Five studies (three moderate quality and two high quality) compared oral nonsteroidal anti-inflammatories (NSAIDs) with placebo for treatment of symptomatic osteoarthritis of the hip and showed improvement in pain and function scores with NSAIDs (Baerwald 2010, Kivitz 2001, Makarowski 2002, Schnitzer 2011, Svensson 2006). Compared to placebo, all five studies reported on pain and uniformly reported improvement in pain with the use of oral NSAIDs. The Western Ontario McMaster Arthritis Index (WOMAC) score was reported in all studies, all of which reported improvement in WOMAC function with NSAIDs compared to placebo. Three articles compared efficacy of a NSAIDs against each other: Schnitzer (2011) found that lumiracoxib showed similar efficacy to celecoxib; Kivitz (2001) found that celecoxib 200mg/day and 400mg/day showed similar efficacy to naproxen; Makarowski (2002) reported similar efficacy between valdecoxib 10mg and naproxen.
Benefits/Harms of Implementation
Although oral NSAIDs are widely utilized to treat osteoarthritis of the hip, there are contraindications to their use. Contraindications that should be considered include, but are not limited to, patients with chronic kidney disease or patients with significant cardiac conditions that may be at an elevated risk of myocardial infarction.
Outcome Importance
The use of non-opioid medications such as NSAIDs for nonoperative treatment of symptomatic osteoarthritis of the hip is extremely important to minimize the use of opioids.

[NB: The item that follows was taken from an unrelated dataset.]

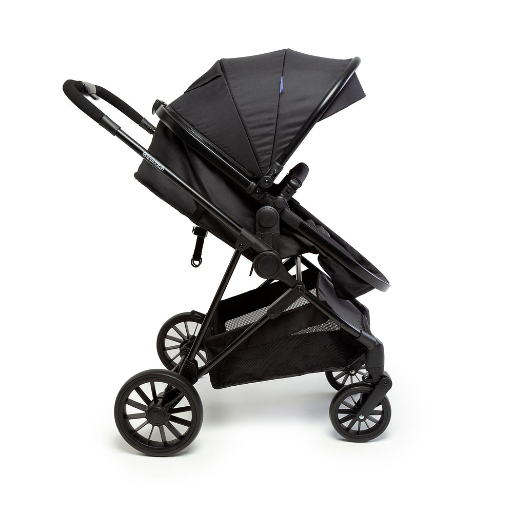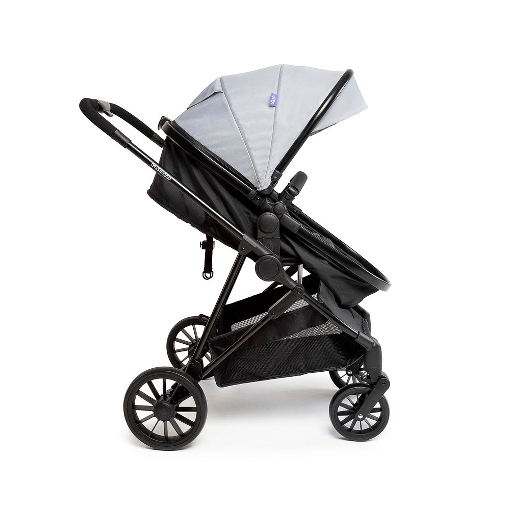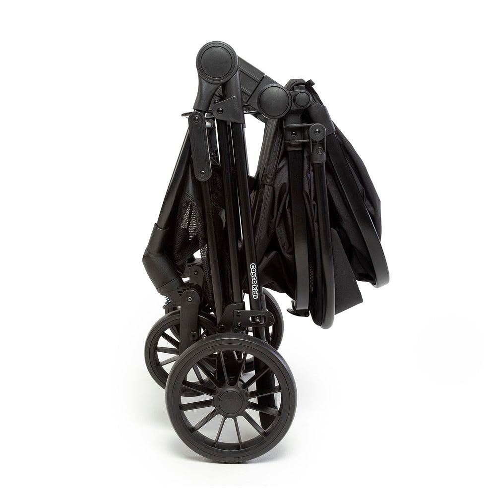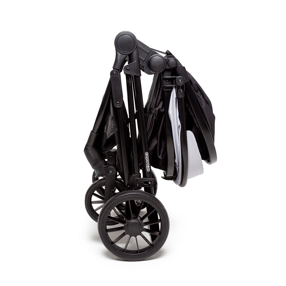 E olha só: o assento fecha junto com o carrinho, o que significa menos esforço na hora de guardar. Além disso, a capota grandona com visor, aba de sol e proteção UV30+, junto com o cesto espaçoso de acesso fácil que suporta até 2,5kg, fazem dele um carrinho supercompleto.

Cost Effectiveness/Resource Utilization
NSAIDs are widely available and an extremely cost-effective treatment for symptomatic osteoarthritis. However, there is limited comparative data on the cost-effectiveness of oral NSAIDs compared to other nonoperative treatments of osteoarthritis of the hip.
Acceptability
This recommendation should be readily implemented as it does not influence a major change in clinical practice. Oral NSAIDs are commonly used to treat symptomatic osteoarthritis of the hip. It provides further evidence to support and guide this clinical practice.
Feasibility
Oral NSAIDs are widely available. Thus, this recommendation should be easily implemented with no apparent barriers to adoption.
Future Research
Future research is warranted to better understand the adverse events with oral NSAID use, particularly in patients at higher risk. Further studies are also needed to compare the different types of oral NSAIDs as well as dosing and duration of treatment. Future studies are needed to establish efficacy within certain subgroups and populations.
- Baerwald, C., Verdecchia, P., Duquesroix, B., Frayssinet, H., Ferreira, T.. (2010). Efficacy, safety, and effects on blood pressure of naproxcinod 750 mg twice daily compared with placebo and naproxen 500 mg twice daily in patients with osteoarthritis of the hip: a randomized, double-blind, parallel-group, multicenter study. Arthritis & Rheumatism, 62(12), 3635-44.
- Kivitz, A. J., Moskowitz, R. W., Woods, E., Hubbard, R. C., Verburg, K. M., Lefkowith, J. B., Geis, G. S.. (2001). Comparative efficacy and safety of celecoxib and naproxen in the treatment of osteoarthritis of the hip. Journal of International Medical Research, 29(6), 467-79.
- Makarowski, W., Zhao, W. W., Bevirt, T., Recker, D. P.. (2002). Efficacy and safety of the COX-2 specific inhibitor valdecoxib in the management of osteoarthritis of the hip: a randomized, double-blind, placebo-controlled comparison with naproxen. Osteoarthritis & Cartilage, 10(4), 290-6.
- Schnitzer, T. J., Dattani, I. D., Seriolo, B., Schneider, H., Moore, A., Tseng, L., Sallstig, P., Rebuli, R., Maxwell, T.. (2011). A 13-week, multicenter, randomized, double-blind study of lumiracoxib in hip osteoarthritis. Clinical Rheumatology, 30(11), 1433-46.
- Svensson, O., Malmenäs, M., Fajutrao, L., Roos, E. M., Lohmander, L. S.. (2006). Greater reduction of knee than hip pain in osteoarthritis treated with naproxen, as evaluated by WOMAC and SF-36. Annals of the Rheumatic Diseases, 65(6), 781-4.